Recorded data:
BEGIN
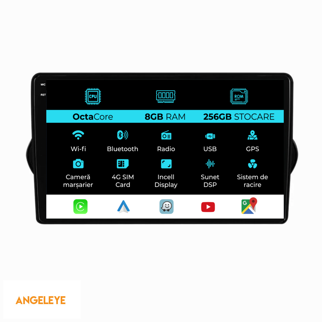 Sistem de operare: Android 13 Procesor: Octa-core 1.8Ghz Memorie RAM: 8GB Stocare interna (ROM): 256GB Dimensiune Display: 9 Inch Rezolutie ecran: 1360x8000p Bluetooth: Bluetooth pentru apeluri, descarcare agenda telefonica si redare muzica WiFi: Da (Integrat) Slot Sim 4G: Da Conectivitate retea: 4G, Hotspot telefon, router extern, dongle 3G sau 4G, CarPlay Android Auto Microfon: Microfon integrat, cu posibilitate de conectare microfon extern Alimentare: 12V Putere audio: 4x45W Egalizator DSP: Procesor de sunet digital (DSP EQ) Compatibilitate USB SD: Compatibil cu USB de pana la 128GB, suport SD prin adaptor USB Compatibilitate aplicatii Android: Compatibil cu majoritatea aplicatiilor Android din Google Play Compatibilitate CarPlay si Android Auto: Da, compatibil cu iOS (CarPlay) si Android (Android Auto) Suport pentru limbi:a Romana, Engleza, Maghiara, Spaniola, Italiana, Germana, etc. Tip ecran: TouchScreen capacitiv, multi-touch, IPS Setari luminozitate: Da Radio RDS: Da Iesire subwoofer RCA: Da Iesire video RCA: Da, cu ajutorul unui adaptor USB Iesire audio RCA: Da GPS: Da, (Google Maps, Waze, HereWeGo) Senzori de parcare: Da (Preluare senzori de parcare cu afisaj unde este cazul) Control volan: Da (Preluare comenzi volan cu canbus sau analogic unde este cazul) Compatibilitate camera DVR: Da Compatibilitate camera marsarier: Da Manual de utilizare: Da Continut pachet: Navigatie Android Rama adaptoare Cablaj de alimentare Antena GPS Antena 4G Conectori RCA Cablaj pentru camera de marsarier, 2 cabluri USB Canbus (doar daca este cazul) Certificat de garantie Factura fiscala Navigatia este compatibila cu urmatoarele marci auto : Fiat: Tipo (2015-2021)
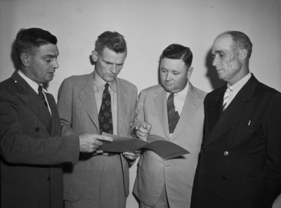 Scanning a list of prospective and absent members before they go calling on them are four leaders of the Bremen Bible Class of Rosen Heights Baptist Church. The officers are, left to right, F. J. Fairchild (teacher), Freelin Anderson (first president), Jimmie Sessom (incumbent president) and J. J. White (vice president). The four men are standing in front of a blank wall, all wearing suits. Mr. Fairchild and Mr. Anderson are holding the list of names as all the officers look on.
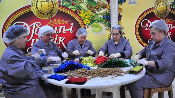 15 kadın tarafından Manisa'yı Mesir'i Tanıtma ve Turizm Derneği imalathanesindeki dev kazanlarda hazırlanan mesir macunları, işlendikten sonra tek tek kağıtlara sarılıyor.
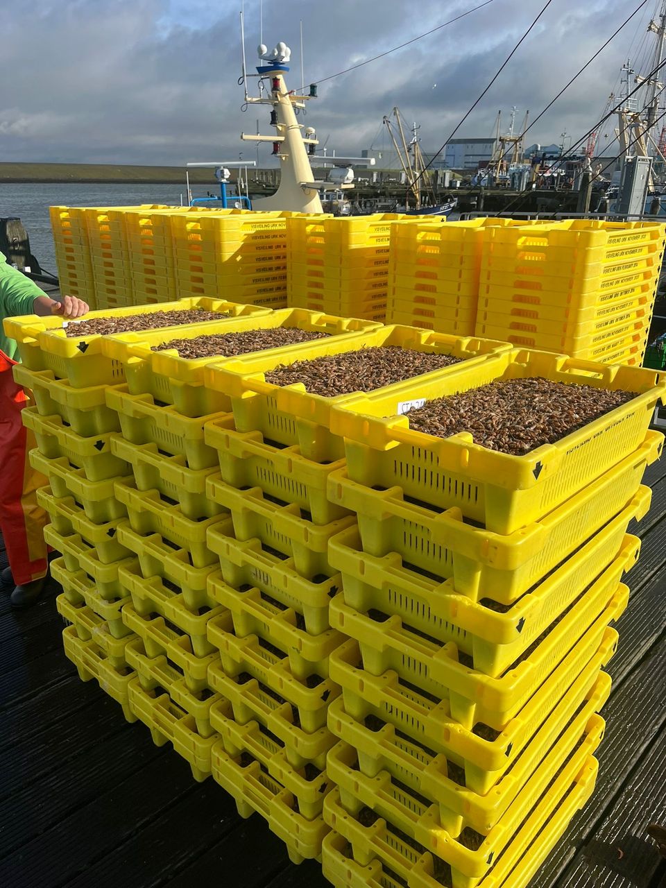 Hollandse garnalen (om zelf te pellen) met panna cotta van schaaldieren, groene appel, radijs & schuim van cocktailsaus
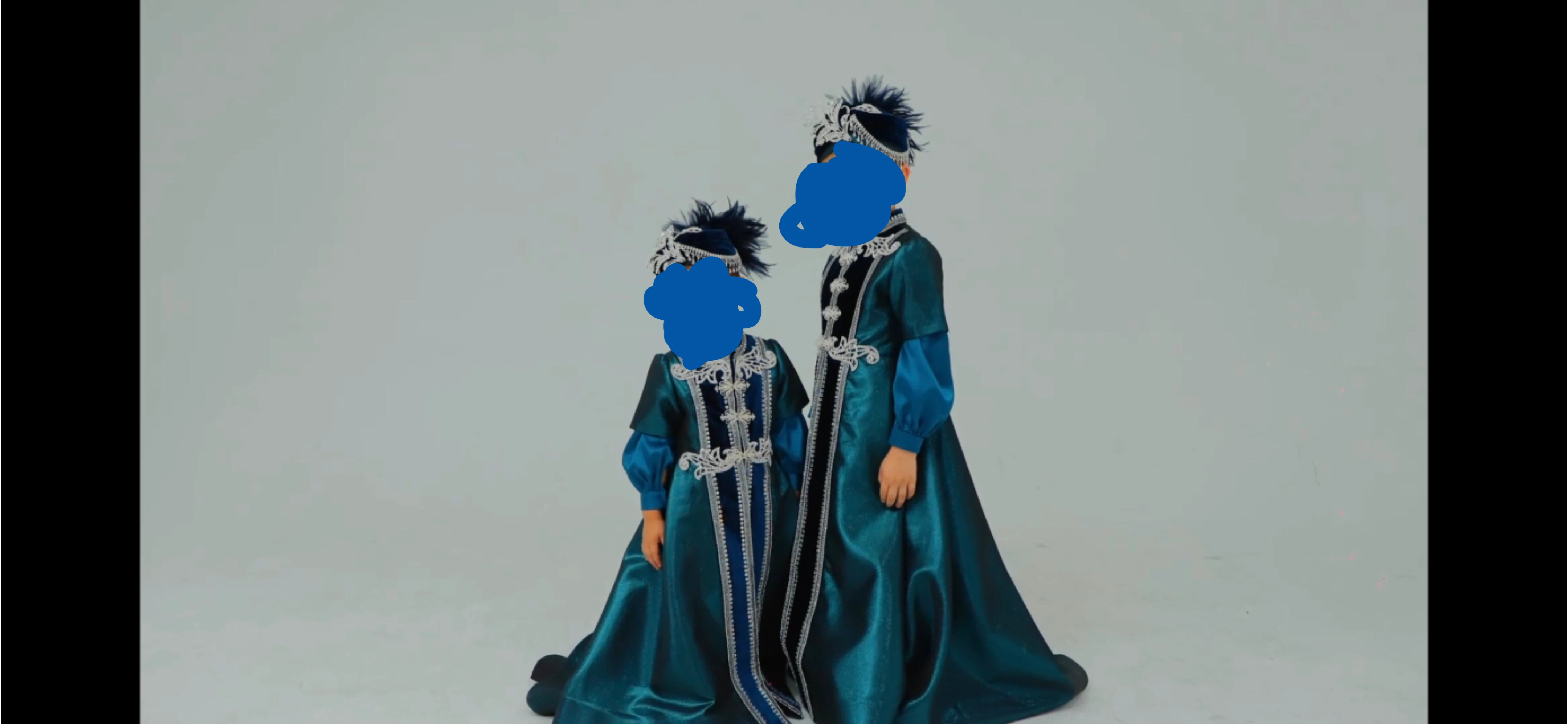 Beautiful teal and blue dresses with intricate silver trim and matching headpieces. These outfits feature long sleeves and flowing skirts, perfect for cultural events or performances. Made from a satin-like material.
END
Reproduce the span beginning at the line with "15 kadın tarafından" and ending at the last line of the entries above, inclusive, exactly as it stands. Exclude the pictures.

[RESPONSE FOR THIS EXERCISE]
 15 kadın tarafından Manisa'yı Mesir'i Tanıtma ve Turizm Derneği imalathanesindeki dev kazanlarda hazırlanan mesir macunları, işlendikten sonra tek tek kağıtlara sarılıyor.
 Hollandse garnalen (om zelf te pellen) met panna cotta van schaaldieren, groene appel, radijs & schuim van cocktailsaus
 Beautiful teal and blue dresses with intricate silver trim and matching headpieces. These outfits feature long sleeves and flowing skirts, perfect for cultural events or performances. Made from a satin-like material.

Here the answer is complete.